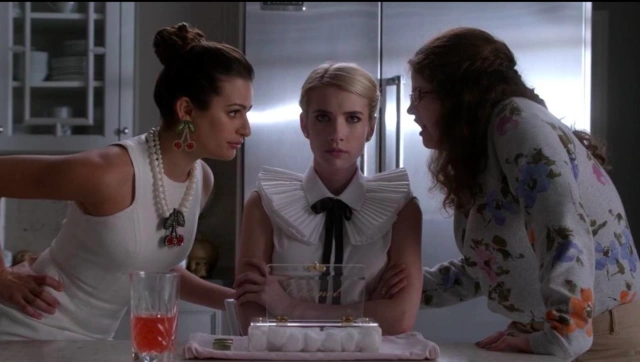 Denise follows her, asking for payment for the job she is done to Kappa House (though in reality, she did nothing), to which Chanel continues to walk, looking over her shoulder and telling Denise to call her family’s money managers, before going downstairs, with the Chanels and Denise still following. Suddenly, Chanel comes to a halt, claiming that there is a horrible burning smell coming from the dining room. They all rush downstairs towards it, only to find Jennifer’s corpse covered in candle wax, which makes them all scream in horror.
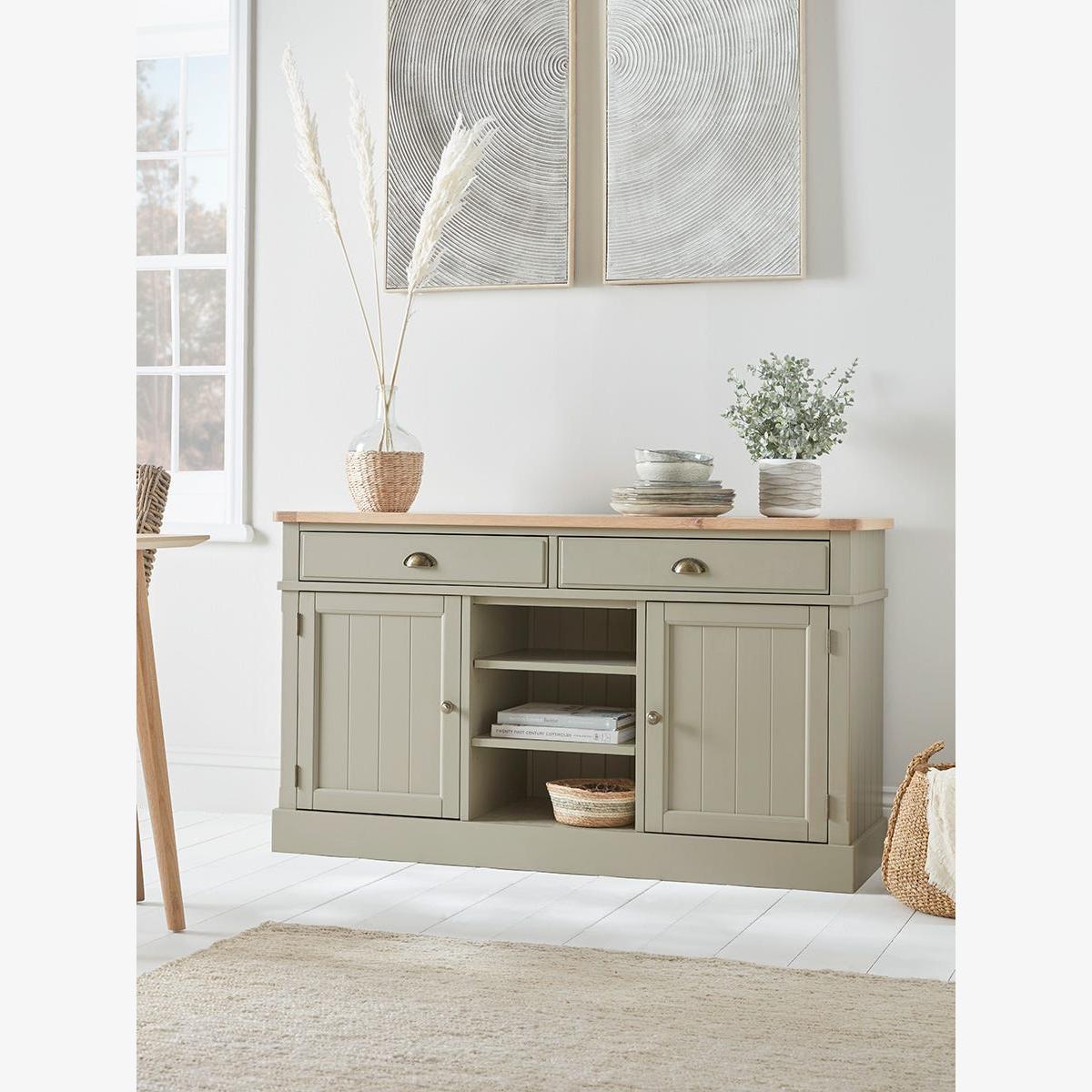 I’m a big fan of the Reims for its straightforward design and muted sage-green finish paired with a light oak top - it sits equally well in modern farmhouse, Scandi-inspired or contemporary coastal rooms. The clean lines and bead-board doors keep the look simple, while the open centre shelf is perfect for showing off baskets or coffee-table books. Styling it is all about balance and function: tuck everyday tableware behind the doors, use the shelf for baskets to corral small bits and pieces, then keep the surface tidy with a low vase of dried grasses or a sculptural lamp at one end. A round mirror or pair of framed prints hung above will add height and complete the look without crowding your scheme.
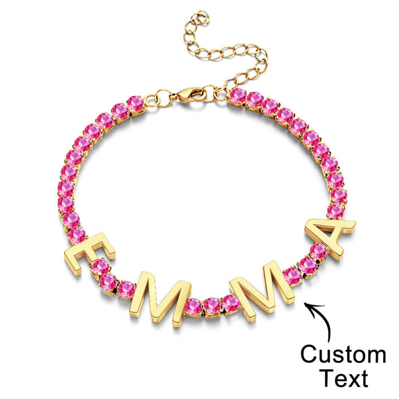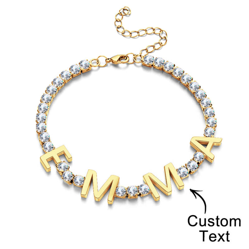 Fabriqué avec précision et attention aux détails, ce bracelet est doté d'une élégante chaîne tennis ornée de lettres de nom personnalisables, ajoutant une touche personnalisée qui le distingue des autres. Qu'il s'agisse de votre propre nom, des initiales d'un être cher ou d'un mot significatif, ce bracelet vous permet de vous exprimer de manière audacieuse et unique.
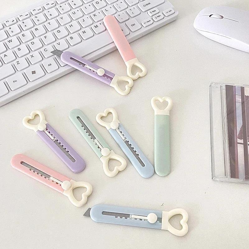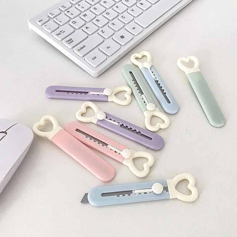 น่ารัก รักหัวใจมีดยูทิลิตี้มินิเครื่องตัดกระดาษแบบพกพามีดพ็อกเก็ตความปลอดภัยกล่องตัดซองจดหมายเปิดใบมีดรีฟิลเครื่องเขียนศิลปะมีด
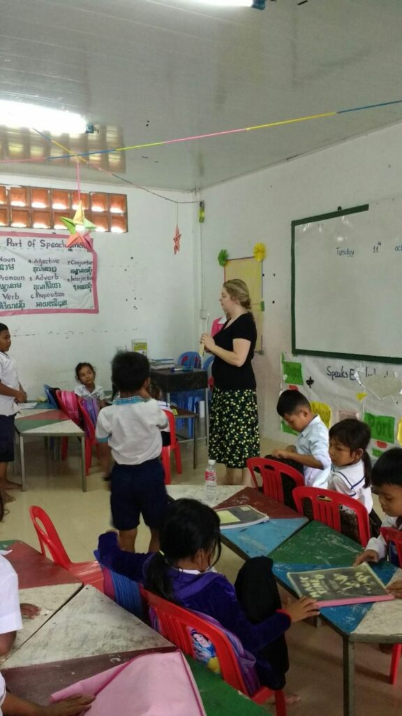 The school has roughly 200 students from the surrounding community. They are 4 to 14 years old. The children pile off the vans that pick them up and come up to us, bow slightly with hands together and say, “Good morning teacher,” in their accented English. At first, they would only wave to us or just stare. My team has joked that it feels like the scene from the movie Madagascar where the penguins say, “Smile and wave, boys. Just smile and wave,” because that is what we did for the first few days and still do at some level. Most of them now come up and say hello and do their best to ask every question they have learned in their classes. High fives and fist bumps are also a hit we have learned. (Pun intended!)
════════════════
• _TASK ITEM_
In the answer, repeat exactly the lines from the top of the entries above through the line with "น่ารัก รักหัวใ", and leave pictures out of it.

• _EXERCISE RESPONSE_
 Denise follows her, asking for payment for the job she is done to Kappa House (though in reality, she did nothing), to which Chanel continues to walk, looking over her shoulder and telling Denise to call her family’s money managers, before going downstairs, with the Chanels and Denise still following. Suddenly, Chanel comes to a halt, claiming that there is a horrible burning smell coming from the dining room. They all rush downstairs towards it, only to find Jennifer’s corpse covered in candle wax, which makes them all scream in horror.
 I’m a big fan of the Reims for its straightforward design and muted sage-green finish paired with a light oak top - it sits equally well in modern farmhouse, Scandi-inspired or contemporary coastal rooms. The clean lines and bead-board doors keep the look simple, while the open centre shelf is perfect for showing off baskets or coffee-table books. Styling it is all about balance and function: tuck everyday tableware behind the doors, use the shelf for baskets to corral small bits and pieces, then keep the surface tidy with a low vase of dried grasses or a sculptural lamp at one end. A round mirror or pair of framed prints hung above will add height and complete the look without crowding your scheme.
 Fabriqué avec précision et attention aux détails, ce bracelet est doté d'une élégante chaîne tennis ornée de lettres de nom personnalisables, ajoutant une touche personnalisée qui le distingue des autres. Qu'il s'agisse de votre propre nom, des initiales d'un être cher ou d'un mot significatif, ce bracelet vous permet de vous exprimer de manière audacieuse et unique.
 น่ารัก รักหัวใจมีดยูทิลิตี้มินิเครื่องตัดกระดาษแบบพกพามีดพ็อกเก็ตความปลอดภัยกล่องตัดซองจดหมายเปิดใบมีดรีฟิลเครื่องเขียนศิลปะมีด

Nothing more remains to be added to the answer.